Kicking into the wind, CWU would be forgiven for being a little conservative on restarts, but not so this time, as Ian Wright lofted the kick high and somehow no one from UCLA got a hand on it. The rugby ball is a funny shape, and it bounced and rolled downfield, and into in-goal. On his horse was Dominic Lindstrom, who raced in to touch the ball down.

“It was a big play for us,” said CWU Head Coach Tony Pacheco. “It got us in a position where we knew we could attack them, and with the wind we could use our kicking game even more. Ian Wright had a great game kicking.”

In the second half, with the wind at their backs, the Wildcats exploded for three tries in the space of seven minutes, paced by a nifty counter-attack from Lindstrom, and another when newly-minted USA 7s player Seth Halliman sliced through the Bruin defense and set up Wright. then it was the turn of Tanner Barnes, who capped off a set move from the lineout, and a 15-10 halftime score was, at 51 minutes, 32-10.

Clint Lemkus for CWU, then Luke Hoffman for UCLA, and finally John Hayden for Central capped off the scoring. But most will remember that restart that sailed and bounced into big trouble for the Bruins.

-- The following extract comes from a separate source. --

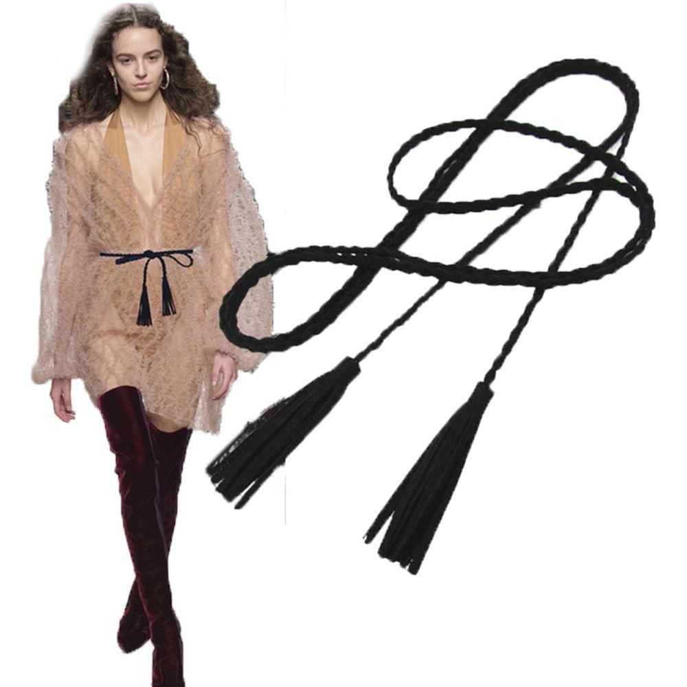 Tassel Long Bandage Belts Twist Women Braided Belts Velvet Dress Waist Rope Woven Waist Belts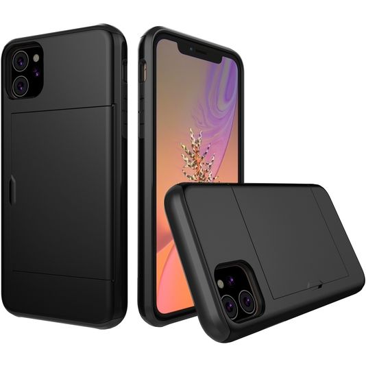 Mobigear Card Coque iPhone 11 Coque arrière Rigide Anti-Chocs avec Porte-Cartes - Noir

“UCLA is a very good team,” said Pacheco, whose own Wildcats seemed to hit them hard nonetheless. “We just had a bunch of good performances. But it was very close at halftime.”

Now CWU looks ahead to Utah, and Pacheco said that will not be an easy time.

“I don’t know if it’s cultural within the team, or the kinds of players they get, but Utah just plays 100% all the way through, as much as any team,” said the CWU coach. “They just don’t stop competing, no matter what the circumstances. It will be a tough game for us.”